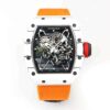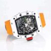 The high-arched sapphire crystal with dual anti-reflective coating ensures crystal-clear visibility, while the vibrant orange nylon strap adds a bold and sporty touch that complements the technical sophistication of the piece. Water-resistant up to 50 meters, this AAAA-grade Richard Mille replica redefines performance luxury and is built for both athletic endurance and elite style.
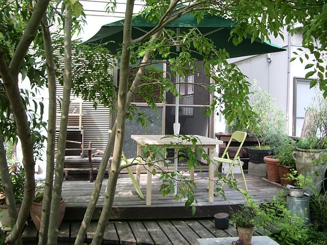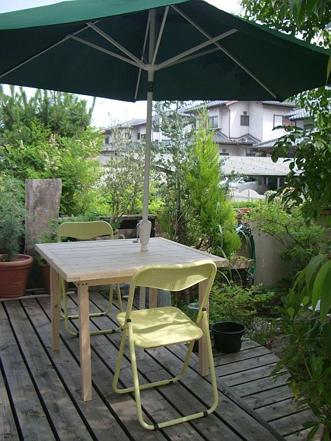 ”現品限り・超特価”のうたい文句に釣られガーデンパラソルを購入したものの、テーブルまでは手が出せなかった。。。
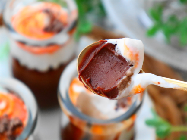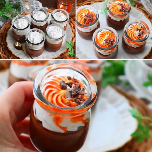 生クリームに砂糖を加えて泡立て、固まったチョコムースにたっぷり絞って、にんじんソースと刻んだチョコをかければ完成です。
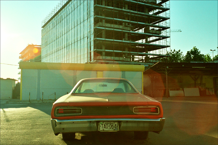 bellissimi i colori e soprattutto il flare che, a mio gusto, conferisce sempre un certo dinamismo anche ad una foto molto statica come questa. Non mi piace molto l'inquadratura. Avrei centrato un pò più verticalmente l'auto, lasciando un pò più di spazio sotto, sempre mantenendo il dettaglio dell'interno s'intende.

════════

:: Task objective ::
Please return the whole listing exactly. Do not copy its images.

:: Written solution ::
 The high-arched sapphire crystal with dual anti-reflective coating ensures crystal-clear visibility, while the vibrant orange nylon strap adds a bold and sporty touch that complements the technical sophistication of the piece. Water-resistant up to 50 meters, this AAAA-grade Richard Mille replica redefines performance luxury and is built for both athletic endurance and elite style.
 ”現品限り・超特価”のうたい文句に釣られガーデンパラソルを購入したものの、テーブルまでは手が出せなかった。。。
 生クリームに砂糖を加えて泡立て、固まったチョコムースにたっぷり絞って、にんじんソースと刻んだチョコをかければ完成です。
 bellissimi i colori e soprattutto il flare che, a mio gusto, conferisce sempre un certo dinamismo anche ad una foto molto statica come questa. Non mi piace molto l'inquadratura. Avrei centrato un pò più verticalmente l'auto, lasciando un pò più di spazio sotto, sempre mantenendo il dettaglio dell'interno s'intende.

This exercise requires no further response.